In our first experiment we compared coarsening in a pure foam (initial liquid fraction \(\phi _{i}=0.25\)) and two fibre-foam dispersions (liquid fractions of \(\phi _{i}=0.25\) and \(\phi _{i}=0.50\) respectively), each containing 7g of Kraft fibres. The foams were poured into containers that had a gauze as a base, allowing the liquid to drain away. Samples of the foams were taken at regular intervals (5 minutes intervals during the initial rapid growth regime, increasing to every 20 minutes at later times, see Fig. 5) by inserting two microscope slides (separated with a spacing of 0.2mm) into the dispersions and trapping a sample of foam between them. An image of the slide was taken and the area of each bubble was determined using imageJ. The volume of each bubble was calculated from the area measurements and the known slide spacing, allowing us to infer an equivalent sphere radius for each bubble [11, 13]. The number of bubbles measured varied initially from  7000 per image to about  1000 in the coarsened foam sample. As bubble growth increased less bubbles were included in the analysis.

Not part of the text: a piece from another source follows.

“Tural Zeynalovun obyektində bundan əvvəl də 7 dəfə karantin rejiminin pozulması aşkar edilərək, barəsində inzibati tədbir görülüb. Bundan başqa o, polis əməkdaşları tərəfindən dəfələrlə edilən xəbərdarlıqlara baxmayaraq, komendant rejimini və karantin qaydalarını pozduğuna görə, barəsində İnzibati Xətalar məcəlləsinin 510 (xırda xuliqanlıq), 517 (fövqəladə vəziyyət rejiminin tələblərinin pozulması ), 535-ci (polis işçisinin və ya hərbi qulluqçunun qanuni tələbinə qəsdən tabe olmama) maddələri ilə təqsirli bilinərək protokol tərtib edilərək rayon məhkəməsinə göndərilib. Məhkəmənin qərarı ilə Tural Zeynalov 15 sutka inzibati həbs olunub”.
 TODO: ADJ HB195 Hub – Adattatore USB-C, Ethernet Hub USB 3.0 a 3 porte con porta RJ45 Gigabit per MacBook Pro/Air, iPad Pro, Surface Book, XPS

Foam coarsening is best expressed in the variation of the Sauter mean radius \(r_{32}\) as a function of time [14]. It is defined as \(r_{32} = \left\langle r^3 \right\rangle / \left\langle r^2 \right\rangle\). The Sauter mean radius thus emphasizes the importance of bubble surface area in inter-bubble gas diffusion.

Figure 5 shows that \(r_{32}\) of the pure foam continually increases throughout the foam lifetime, up until 90 minutes, when all foam has decayed. In contrast, when fibres are added to a foam, the initial bubble growth comes to a halt after about 30 minutes, resulting in a Sauter mean radius of about 0.4 \(\pm \: 0.1\, \hbox {mm}\) for both values of initial liquid fraction. The fibres are acting as pinning sites for the bubbles films, limiting further growth [11]. The growth regime for all three data sets is described by \(r(t)\propto (t-t_{0})^{0.5}\).

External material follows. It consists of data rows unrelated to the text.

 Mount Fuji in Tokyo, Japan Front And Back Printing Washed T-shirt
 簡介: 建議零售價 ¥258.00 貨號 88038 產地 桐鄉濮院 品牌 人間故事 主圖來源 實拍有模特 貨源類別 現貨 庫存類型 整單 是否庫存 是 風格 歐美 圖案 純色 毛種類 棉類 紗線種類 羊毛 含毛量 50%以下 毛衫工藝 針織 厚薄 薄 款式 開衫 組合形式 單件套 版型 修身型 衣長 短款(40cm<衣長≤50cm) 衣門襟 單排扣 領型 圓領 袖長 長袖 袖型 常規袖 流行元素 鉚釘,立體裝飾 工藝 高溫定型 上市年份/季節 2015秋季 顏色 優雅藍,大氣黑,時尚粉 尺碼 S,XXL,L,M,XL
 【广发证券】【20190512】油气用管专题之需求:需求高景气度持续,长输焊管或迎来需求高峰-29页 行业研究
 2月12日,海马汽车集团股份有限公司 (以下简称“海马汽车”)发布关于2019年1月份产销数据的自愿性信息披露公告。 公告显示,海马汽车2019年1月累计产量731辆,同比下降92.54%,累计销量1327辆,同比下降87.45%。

The lifetime of the fibre-foam dispersion is far in excess of the 260 minutes displayed in Fig. 5, which still contained bubbles after 23 hours. This extended lifetime may in part be due to the fibres increasing the relative humidity within the dispersion by trapping the vapour layer that forms over liquid during evaporation. Bubble films thin due to liquid drainage and evaporation and eventually rupture. Therefore by keeping the films in a more humid environment the rate of evaporation may be reduced, thus extending their lifetime.

3.2.2 Comparison of bubble and void sizes

How does the average long time bubble radius of 0.4mm in the fibre-foam dispersion compare with the average void size in the foam-formed dried material? In order to investigate this we carried out a void size analysis using X-ray data of two fibrous samples (density 13 kg.m-3) created from fibre-foam dispersions with initial liquid fractions of \(\phi _{i}\)=0.25 and \(\phi _{i}\)=0.50. We compute a void size distribution from two-dimensional cross-sections of the sample. In general the result is different from the actual three-dimensional void size distribution. However, the 2D analysis is sufficient to compare different samples. Moreover, the average void size will be of the same order of magnitude in both 2D and 3D.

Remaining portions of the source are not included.